:: Input ::

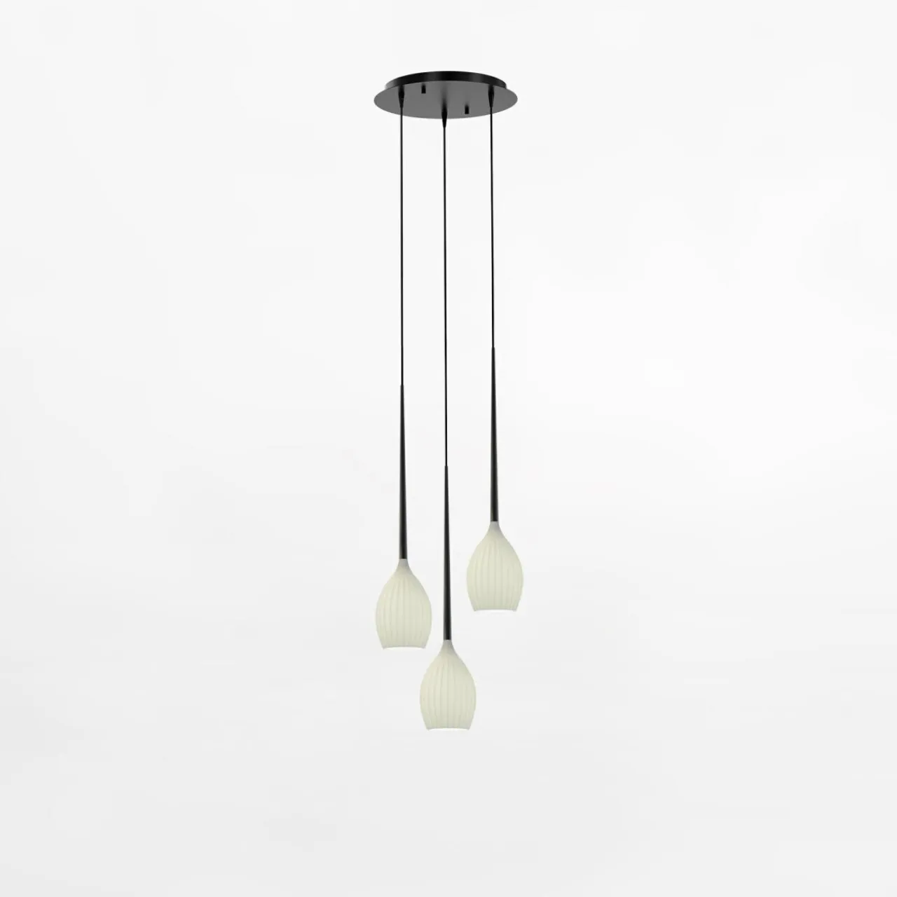 FIORE to rodzina lamp wiszących o smukłych, przypominających kielichy kloszach. Znajdziesz wśród nich modele pojedyncze i potrójne w bieli i czerni. Wystarczy więc dobrać wielkość i rodzaj do wystroju wnętrza.
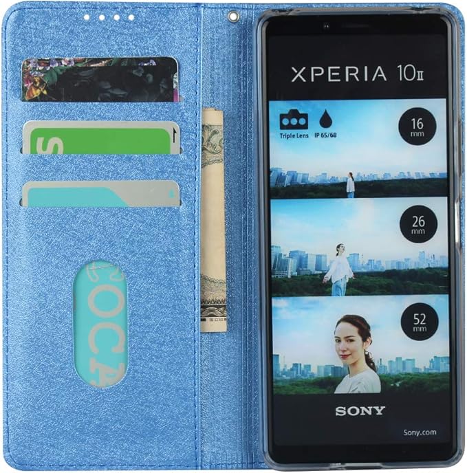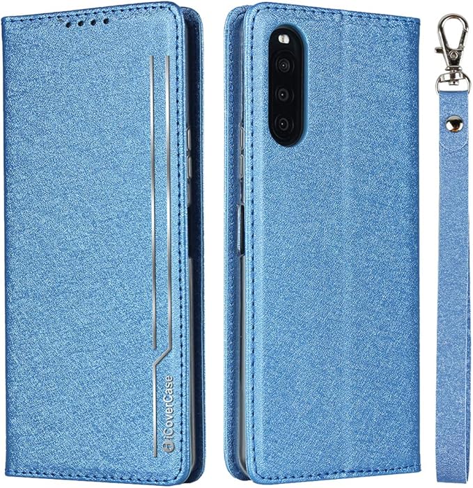 SONY Xperia 10 II ケース SO-41A docomo / SOV43 au 対応 ケース SO41A カバー ソニー エクスぺリア Xperia10 II 手帳型 エクスぺリア10 II スマホケース 携帯カバー case 【iCoverCase】 ベルトなし スマホケース スプラット同梱 スクラブ処理 砂地の質感 マグネット 【弱磁】 ブルー | oioioichan
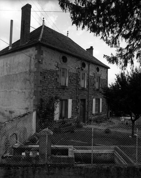 Vue générale d'un logis de ferme en moellons d'andésite, et encadrements et chaînes d'angles en andésite (La Barbine, Luzillat).
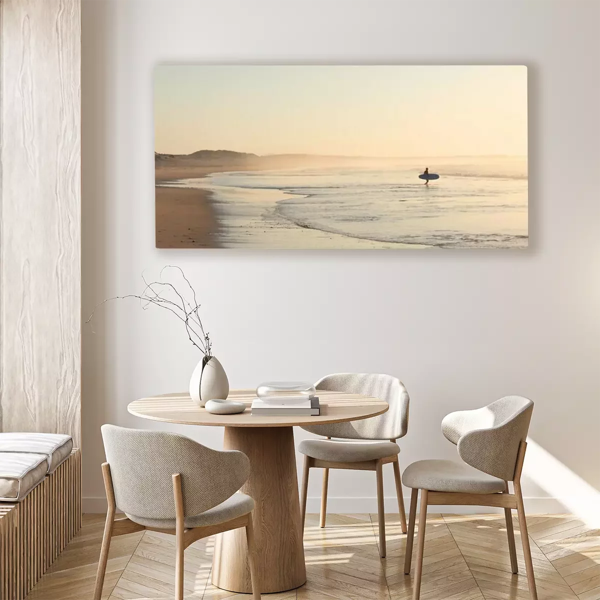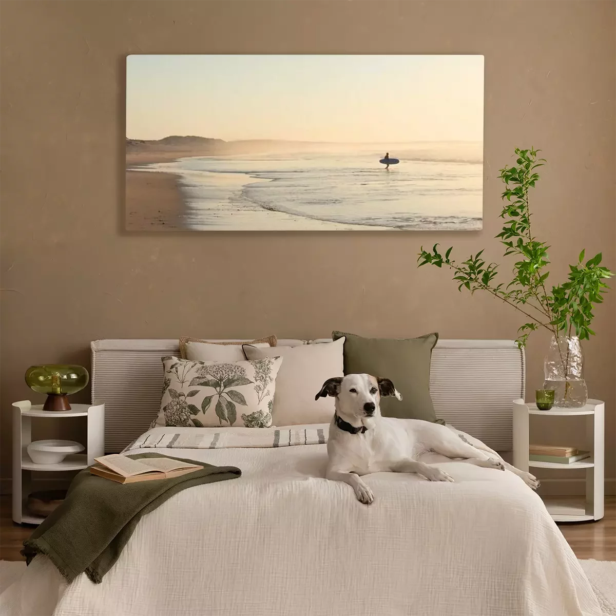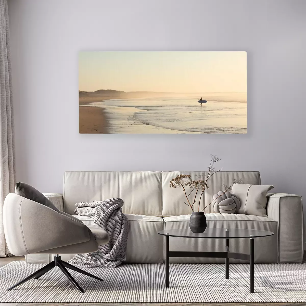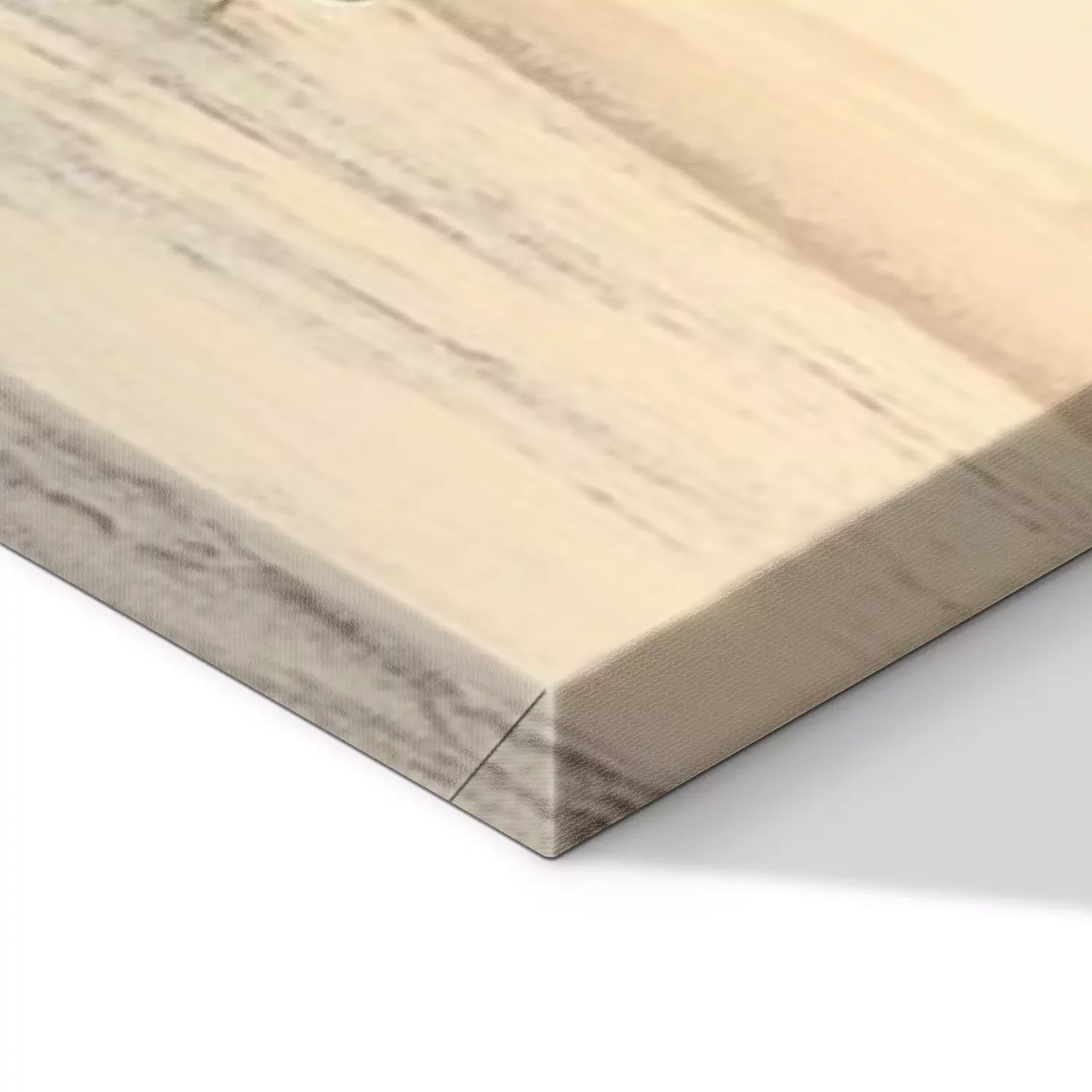 De print wordt aangebracht op hoogwaardig canvas dat op een schildersweefgetouw (spieraam) wordt gespannen. Omdat de print de zijranden bedekt, hoeft het ontwerp niet met een extra kader te worden omlijst. Wij raden ook composities aan die uit meerdere foto's bestaan en zo een coherente compositie vormen.
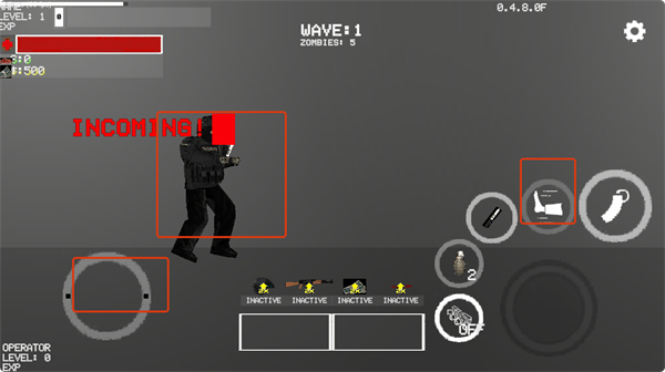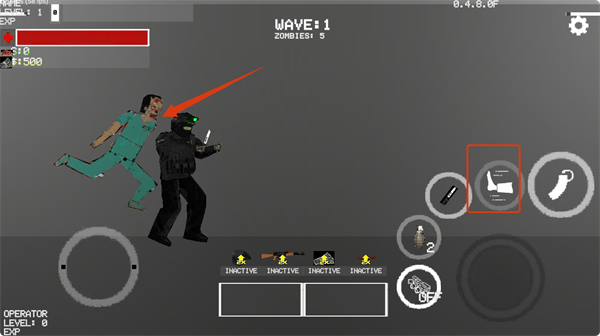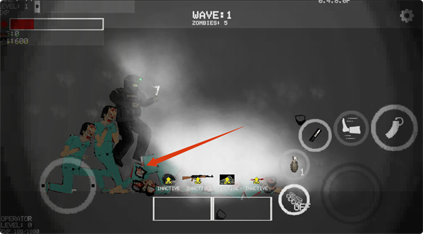 2、操控角色移动,利用右侧道具栏的武器和技能,应对即将到来的僵尸,提升生存几率。
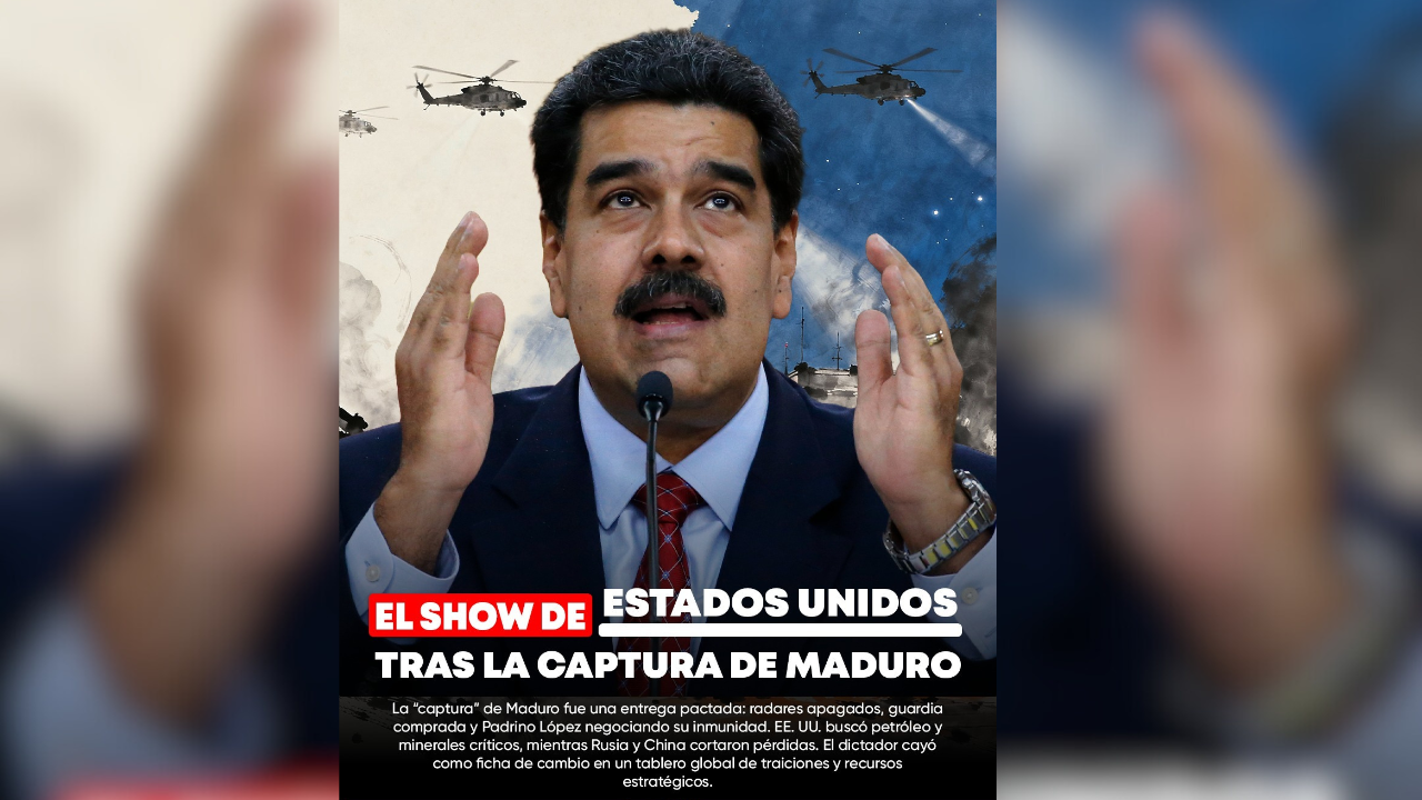 A través de sus redes sociales, el creador digital autodenominado Corto Político expuso que Nicolás Maduro no fue capturado, sino vendido por sus acreedores globales, lo que fue ocultado con el teatro del “búnker de acero” y los ∆t∆ques aéreos coreografiados a depósitos vacíos. “No fue una victoria militar estadounidense, sino la l¡quidac¡ón judicial de una empresa fallida llamada Venezuela… no fue una incursión de comandos, sino la llegada de cobradores a embargara el último activo rentable de la corporación: el dictador.

:: Problem details ::
Go to the line above that contains "SONY Xperia 10" and reproduce everything exactly from there through the line that contains "2、操控角色移动,利用右侧道", leaving out the pictures.

:: Finished task ::
 SONY Xperia 10 II ケース SO-41A docomo / SOV43 au 対応 ケース SO41A カバー ソニー エクスぺリア Xperia10 II 手帳型 エクスぺリア10 II スマホケース 携帯カバー case 【iCoverCase】 ベルトなし スマホケース スプラット同梱 スクラブ処理 砂地の質感 マグネット 【弱磁】 ブルー | oioioichan
 Vue générale d'un logis de ferme en moellons d'andésite, et encadrements et chaînes d'angles en andésite (La Barbine, Luzillat).
 De print wordt aangebracht op hoogwaardig canvas dat op een schildersweefgetouw (spieraam) wordt gespannen. Omdat de print de zijranden bedekt, hoeft het ontwerp niet met een extra kader te worden omlijst. Wij raden ook composities aan die uit meerdere foto's bestaan en zo een coherente compositie vormen.
 2、操控角色移动,利用右侧道具栏的武器和技能,应对即将到来的僵尸,提升生存几率。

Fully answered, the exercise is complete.